- _MATERIAL FOR THE TASK_

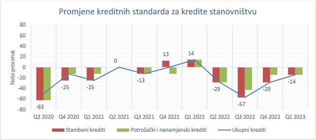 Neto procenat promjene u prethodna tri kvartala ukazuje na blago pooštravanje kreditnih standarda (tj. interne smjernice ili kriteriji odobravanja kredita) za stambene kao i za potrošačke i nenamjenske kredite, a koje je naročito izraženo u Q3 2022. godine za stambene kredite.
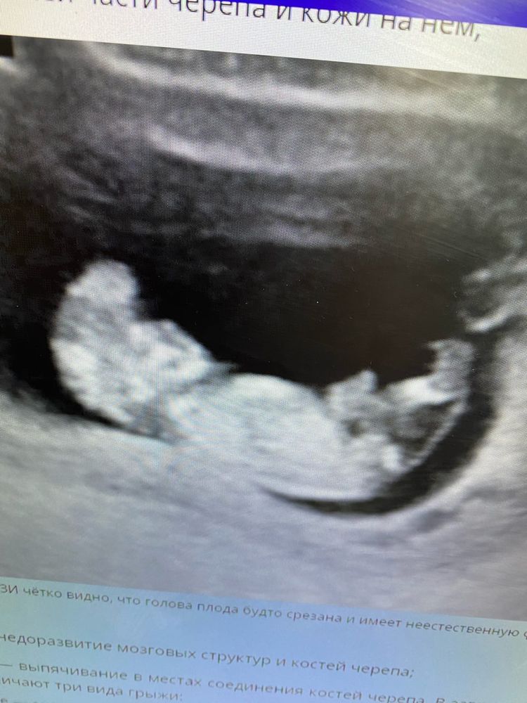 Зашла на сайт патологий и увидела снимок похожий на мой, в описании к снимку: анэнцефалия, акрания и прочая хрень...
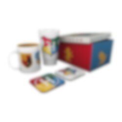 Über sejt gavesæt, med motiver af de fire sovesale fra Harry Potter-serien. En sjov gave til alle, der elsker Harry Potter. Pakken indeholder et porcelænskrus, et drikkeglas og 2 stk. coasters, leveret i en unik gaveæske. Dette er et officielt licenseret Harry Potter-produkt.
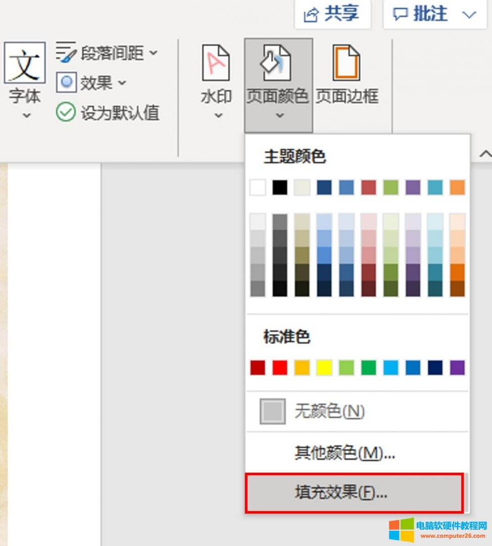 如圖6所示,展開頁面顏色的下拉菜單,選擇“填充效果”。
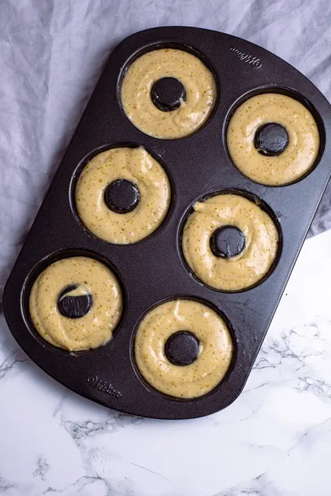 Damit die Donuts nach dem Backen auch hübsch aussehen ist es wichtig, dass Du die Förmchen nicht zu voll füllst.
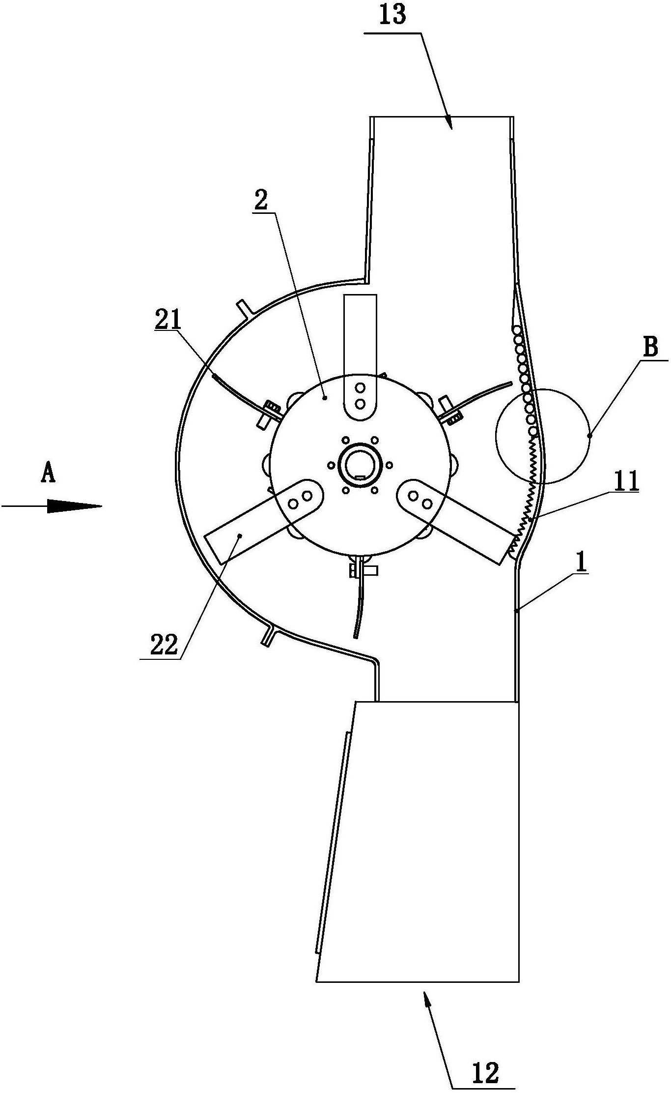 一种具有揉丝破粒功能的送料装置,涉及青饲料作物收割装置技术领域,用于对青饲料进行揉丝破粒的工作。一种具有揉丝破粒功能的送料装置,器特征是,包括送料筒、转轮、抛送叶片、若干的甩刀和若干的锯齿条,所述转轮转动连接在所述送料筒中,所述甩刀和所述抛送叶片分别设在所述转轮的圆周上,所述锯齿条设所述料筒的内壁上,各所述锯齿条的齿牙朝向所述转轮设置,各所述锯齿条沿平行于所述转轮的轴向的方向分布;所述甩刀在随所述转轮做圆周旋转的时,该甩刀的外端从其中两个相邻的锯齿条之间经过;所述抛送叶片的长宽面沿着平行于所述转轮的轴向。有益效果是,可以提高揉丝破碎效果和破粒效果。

...

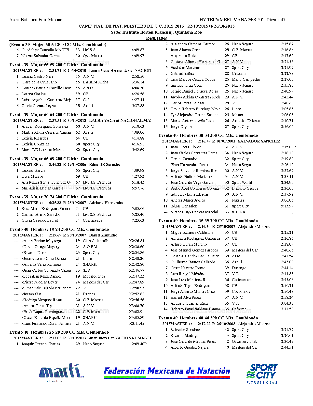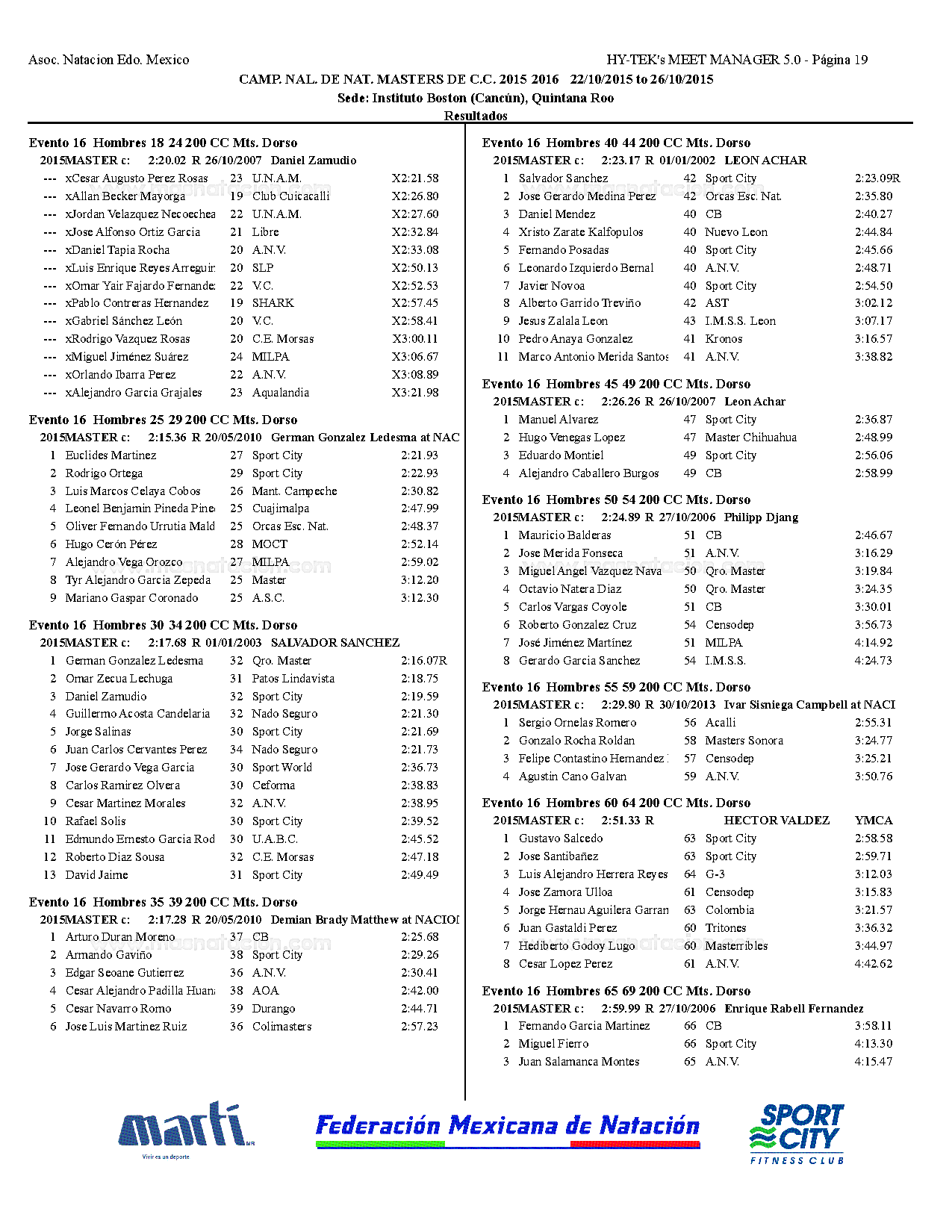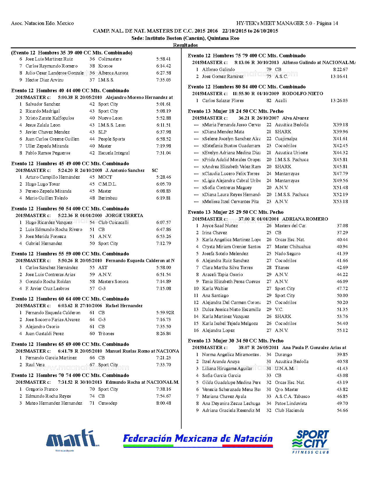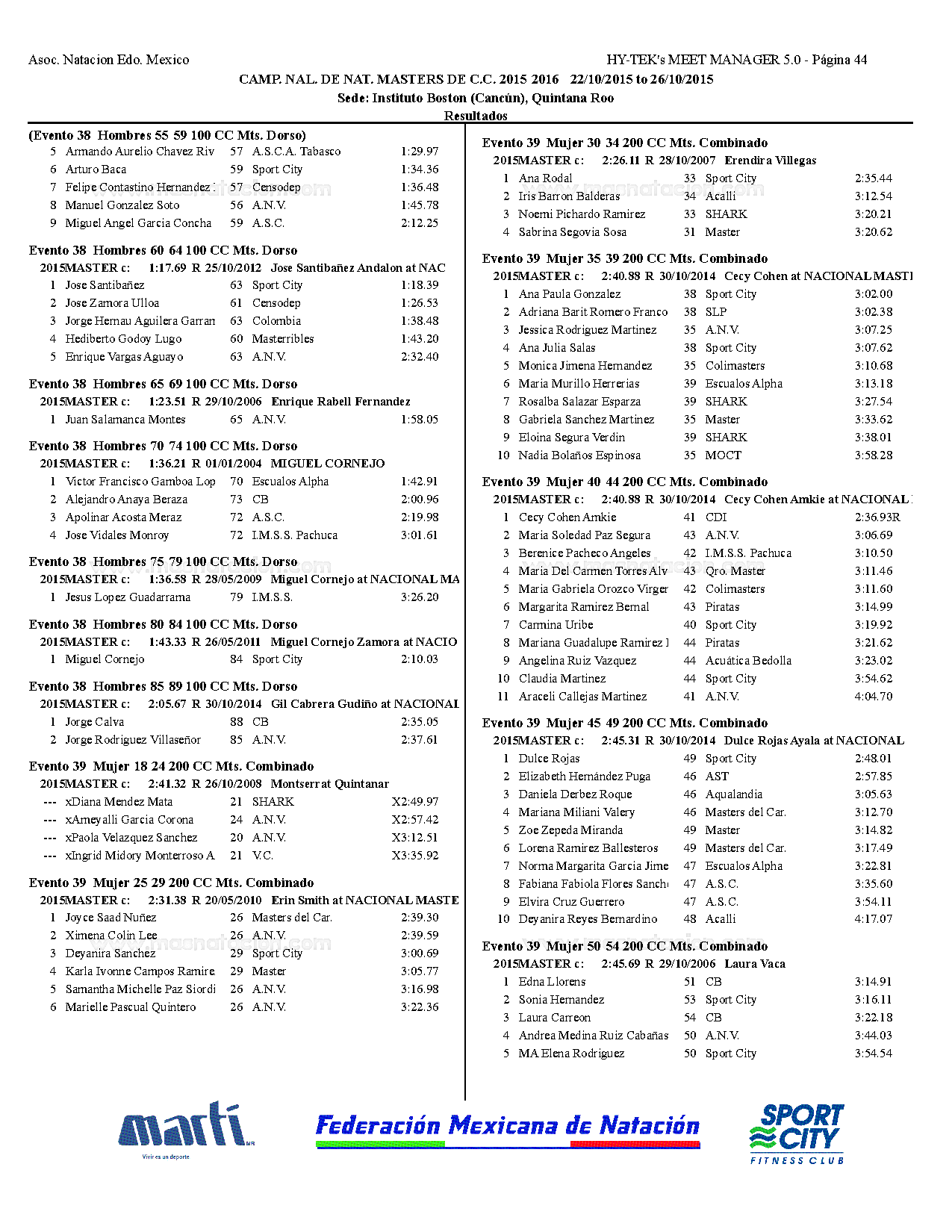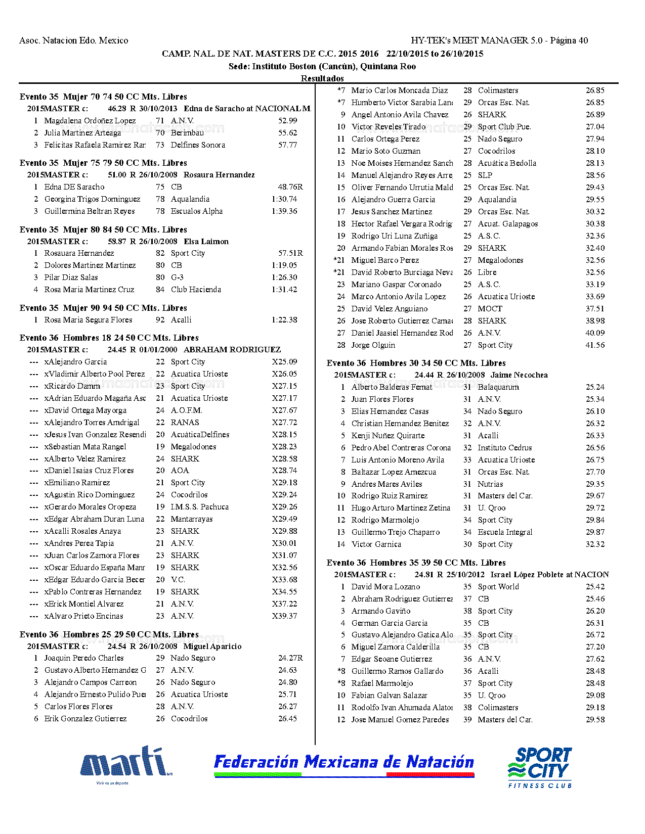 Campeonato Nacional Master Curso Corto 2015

==

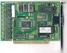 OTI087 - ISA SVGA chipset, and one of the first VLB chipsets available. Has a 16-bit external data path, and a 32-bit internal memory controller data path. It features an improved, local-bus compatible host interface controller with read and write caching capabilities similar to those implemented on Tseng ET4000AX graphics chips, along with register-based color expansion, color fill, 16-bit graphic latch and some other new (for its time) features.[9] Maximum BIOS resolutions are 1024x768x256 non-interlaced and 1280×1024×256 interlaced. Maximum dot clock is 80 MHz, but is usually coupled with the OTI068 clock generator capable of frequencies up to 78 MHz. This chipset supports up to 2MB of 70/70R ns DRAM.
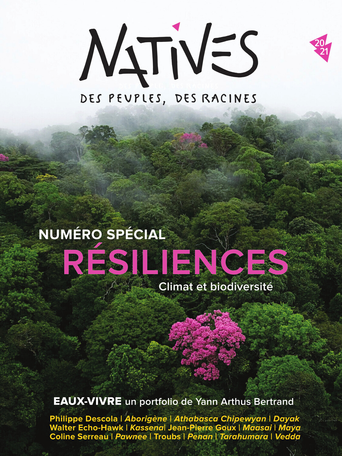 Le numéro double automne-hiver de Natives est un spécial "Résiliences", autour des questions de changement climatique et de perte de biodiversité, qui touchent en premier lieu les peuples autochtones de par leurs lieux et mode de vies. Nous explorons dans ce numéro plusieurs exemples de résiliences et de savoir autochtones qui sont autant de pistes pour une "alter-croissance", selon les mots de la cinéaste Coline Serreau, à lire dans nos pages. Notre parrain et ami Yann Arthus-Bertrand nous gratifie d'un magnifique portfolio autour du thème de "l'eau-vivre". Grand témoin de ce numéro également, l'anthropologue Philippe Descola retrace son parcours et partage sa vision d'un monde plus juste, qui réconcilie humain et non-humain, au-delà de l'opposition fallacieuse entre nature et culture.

- _DIRECTIONS FOR THIS TASK_
Would you output the lines above from the line holding "Damit die Donuts" up to and including the line holding "一种具有揉丝破粒功能的送料装置,涉及青饲", exactly and only those, with no pictures?

- _EXPECTED ANSWER_
 Damit die Donuts nach dem Backen auch hübsch aussehen ist es wichtig, dass Du die Förmchen nicht zu voll füllst.
 一种具有揉丝破粒功能的送料装置,涉及青饲料作物收割装置技术领域,用于对青饲料进行揉丝破粒的工作。一种具有揉丝破粒功能的送料装置,器特征是,包括送料筒、转轮、抛送叶片、若干的甩刀和若干的锯齿条,所述转轮转动连接在所述送料筒中,所述甩刀和所述抛送叶片分别设在所述转轮的圆周上,所述锯齿条设所述料筒的内壁上,各所述锯齿条的齿牙朝向所述转轮设置,各所述锯齿条沿平行于所述转轮的轴向的方向分布;所述甩刀在随所述转轮做圆周旋转的时,该甩刀的外端从其中两个相邻的锯齿条之间经过;所述抛送叶片的长宽面沿着平行于所述转轮的轴向。有益效果是,可以提高揉丝破碎效果和破粒效果。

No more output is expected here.